Abby Johnston

Personal information
- Full name: Abigail Louise Johnston
- Nickname: Abby
- Born: November 16, 1989 (age 36) Columbus, Ohio, U.S.
- Home town: Upper Arlington, Ohio, U.S.
- Education: Duke University
- Height: 5 ft 5 in (165 cm)
- Weight: 134 lb (61 kg)

Sport
- Country: United States
- Sport: Diving
- Event(s): 3 m, 3 m synchro, London 2012 olympics

Medal record
| Event | 1st | 2nd | 3rd |
| Olympic Games | - | 1 | - |
| Summer Universiade | 0 | 0 | 2 |
Women's diving
Representing United States
Olympic Games
| Silver medal – second place | 2012 London | 3 m springboard synchro |
Summer Universiade
| Bronze medal – third place | 2009 Belgrade | Team |
| Bronze medal – third place | 2009 Belgrade | 3 m synchro |

= Abigail Johnston =

American Olympic diver

Abigail Louise Johnston (born November 16, 1989) is a former Olympic diver.

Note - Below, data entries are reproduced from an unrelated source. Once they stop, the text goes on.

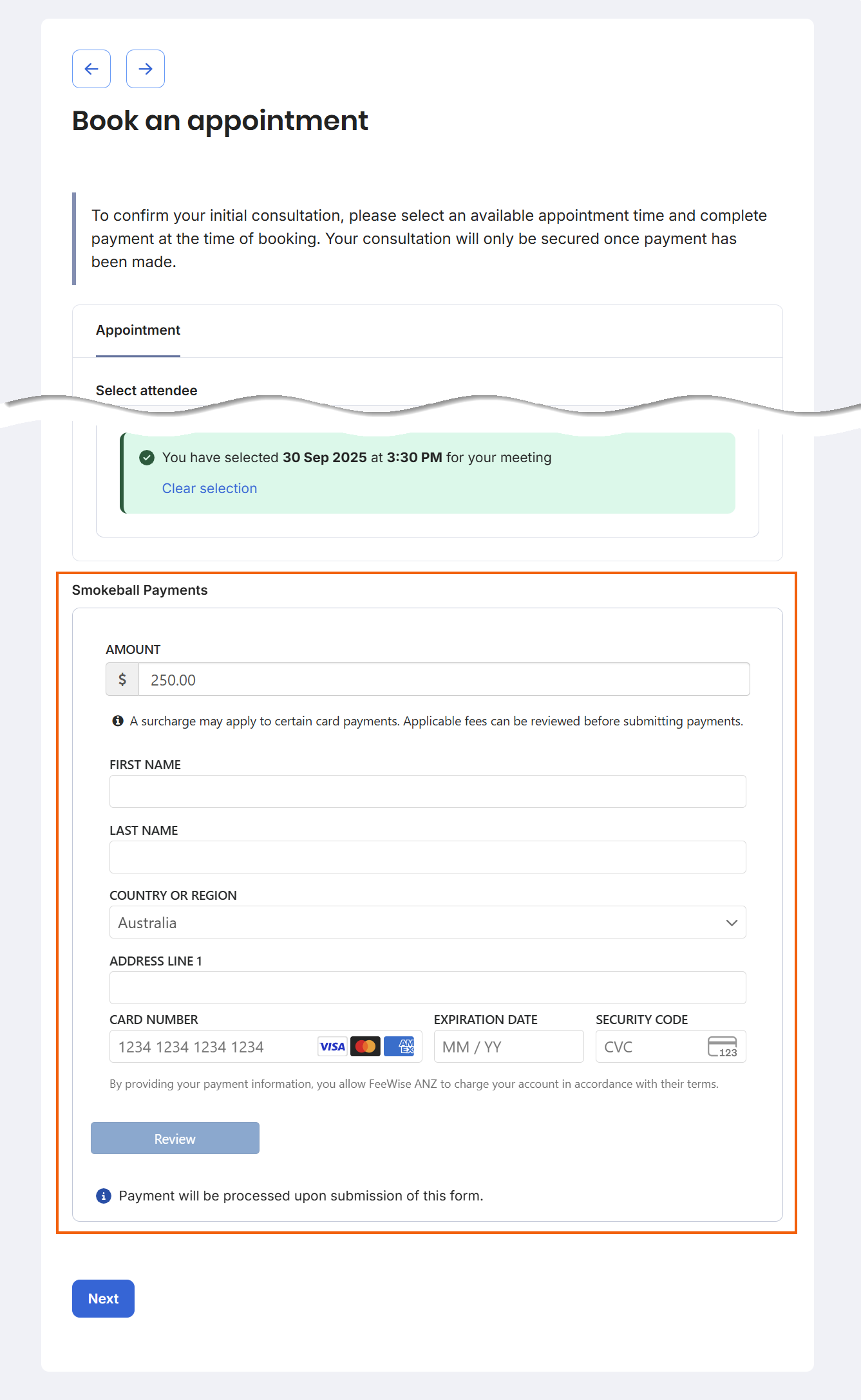Once you have signed up for Smokeball Payments, you can use it to receive trust or retainer payments as part of the intake process. One common use for this solution is to take pre-payment when your clients book a consultation through an intake form.Â
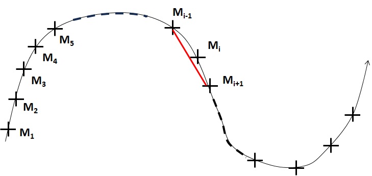 - \( M_{i-1}M_{i+1} \) : distance entre le point \( M_{i} \) et le point \( M_{i+1} \), exprimée en m (longueur du segment rouge sur le schéma précédent)
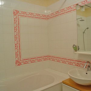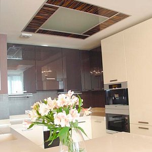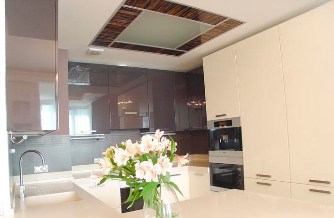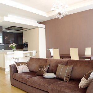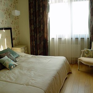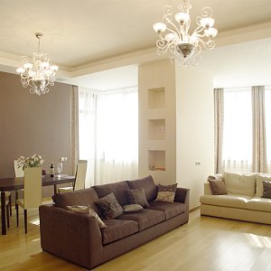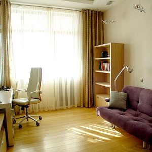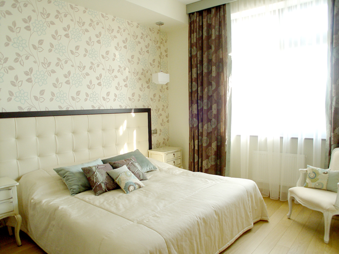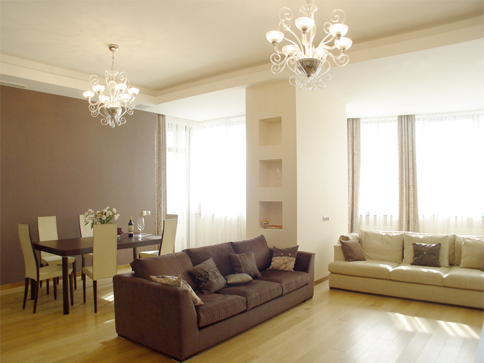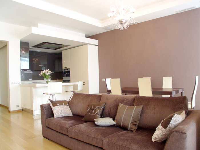 Первым этапом работы стало выделение основных зон в квартире со свободной планировкой. В результате получились просторная кухня-гостиная, две спальни и комната для подростка. В квартире выдержана общая концепция цвета, за основу взят белый тон, классический в гостиной и переходящий в молочный в спальне. Идеальный вариант для дополнения яркими красками в виде мебели и аксессуаров. Для контраста стена в гостиной покрашена в один из оттенков бордового, в цвет с одним из комплектов мягкой мебели. Потолки – гипсокартон с точечной подсветкой и оригинальными люстрами. Полы – ламинат под бук, в санузле керамогранит.
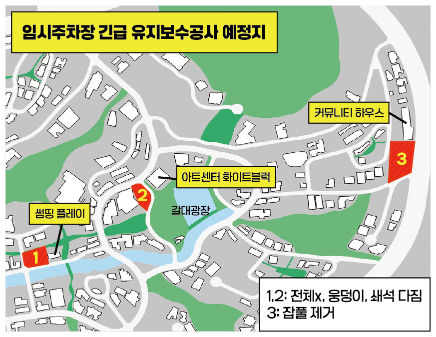 헤이리 마을 임시주차장에서 긴급 보수공사가 진행될 예정이오니 주민 여러분의 양해와 협조 부탁드립니다.
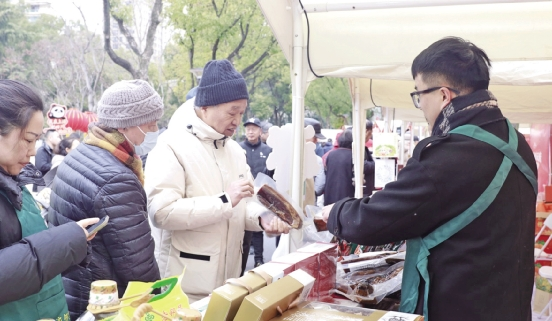 四川展区内,每一件产品都是地域风土的深情馈赠。眉山爱媛果冻橙皮薄多汁,清甜中浸润着阳光的鲜润;马边黑猪肉香肠肉质饱满,裹挟着彝家村寨的温暖烟火;荥经砂器釉光温润,承载着古老烧制技艺的匠心智韵;自贡冷吃兔鲜麻劲爽,泸州白酒醇厚绵长,沐川魔芋清新解腻……从食品、调味品、休闲零食到茶饮酒水、非遗手作,六大类川味尖货全面覆盖市民年货采购需求。“我们现场蒸制巴中酱肉小笼包,就是想让大家尝到最地道的川味美食。”一位四川商户热情介绍道。据悉,所有参展商品均经过严格筛选,确保品质上乘、特色鲜明。
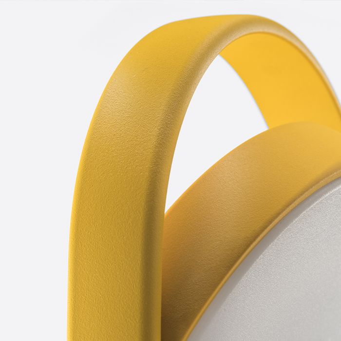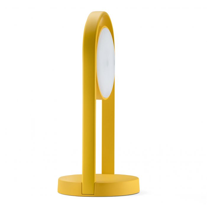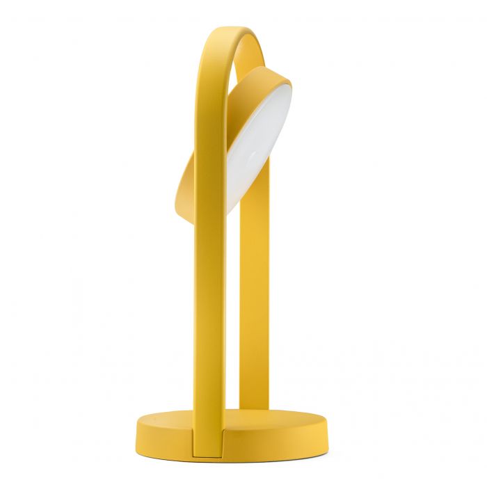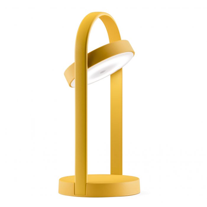 Giravolta est une lampe designée par Alberto Basaglia et Natalia Rota Nodari pour la marque Pedrali. C’est une lampe sans fil au design contemporain idéale pour un usage en intérieur comme à l’extérieur. La base lumineuse est composée de deux disques en plastique insérés dans un arc en aluminium extrudé, où le diffuseur LED y est intégré. La base lumineuse dirige la lumière sur un axe à 360°. Cette partie de la lampe contient également la batterie en lithium, le bouton d’alimentation ainsi qu’une prise micro USB. En option un aimant dans la base permet de fixer la lampe sur des plateaux en métal ou au mur.
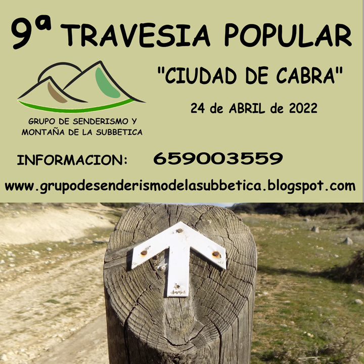 La IX edición de la Travesía Popular - Ciudad de Cabra - ya tiene fecha de celebración. Será el próximo día 24 de Abril de 2022. La actividad vuelve a estar organizada por el Grupo de Senderismo y Montaña de la Subbética en colaboración con el Patronato Municipal de Deportes y diversas entidades públicas y privadas de nuestra Ciudad.
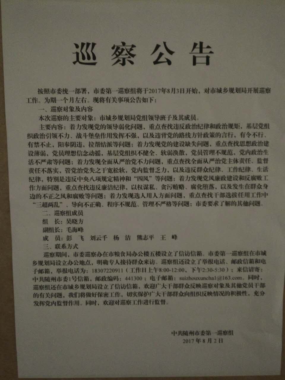 随州市委巡察组发布巡察公告 欢迎群众监督
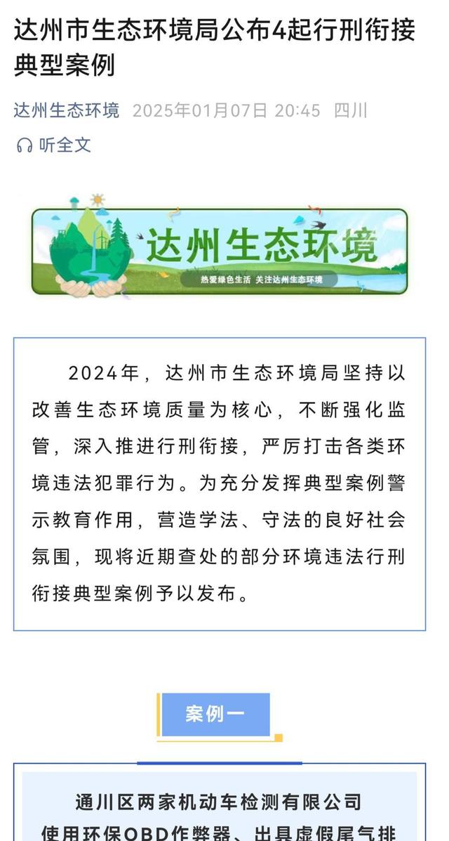 1月7日,达州市生态环境局公布4起行刑衔接典型案例,其中包括“通川区两家机动车检测有限公司使用环保OBD作弊器、出具虚假尾气排放检验报告案”和“宣汉县某机动车检测有限公司破坏计算机信息系统案”。
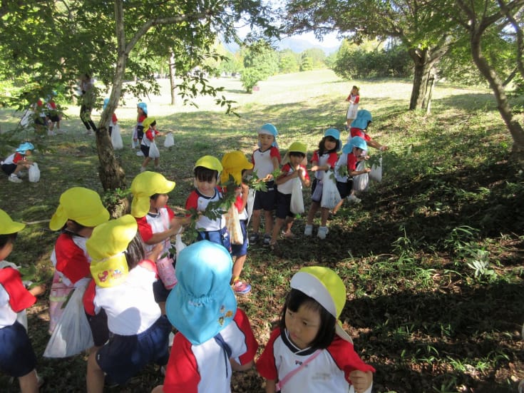 10月10日(金曜日)年少組と年中組がグリーンヒルズに園バスで出かけ、園内を散策しました。大小いろいろな大きさのどんぐりや木の実、色づいた落ち葉などを拾ってとても嬉しそうでした。暑かったのですが、風は爽やかで気持ちよく秋の自然を満喫した一日でした。
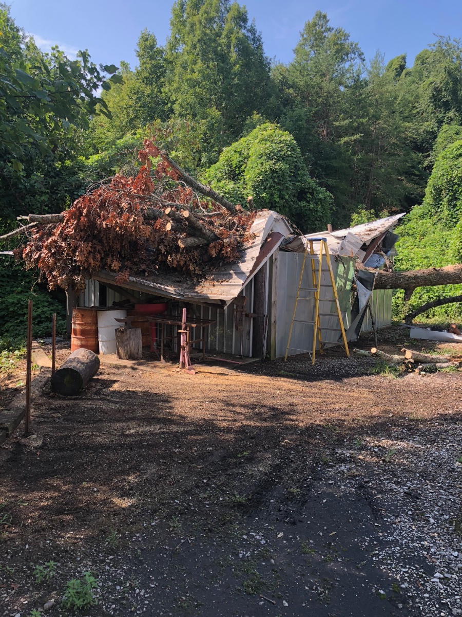 This is not off topic but shows the importance of welding techniques with the right locations. This happen a little over a month ago, a direct hit on my back shed used for items being sandblasted. The neighbors 70 foot plus board leaf oak came down during a micro burst. There is a 1987 Alfa Romeo Spider Quady in there as well, Just a little marring and the passenger side mirror took a hit.

At the 2012 Summer Olympics, she won a silver medal in the Women's synchronized 3 metre springboard with partner Kelci Bryant. She also competed at the 2016 Olympics in the individual 3 m springboard.

==Personal==
Johnston is the daughter of David and Elaine Johnston. She has two sisters, Adrienne and Leah. She earned her bachelor's degree at Duke University and during the 2016 Summer Olympics in Rio was a medical student at Duke, expecting to graduate as a medical doctor from Duke University School of Medicine in 2018.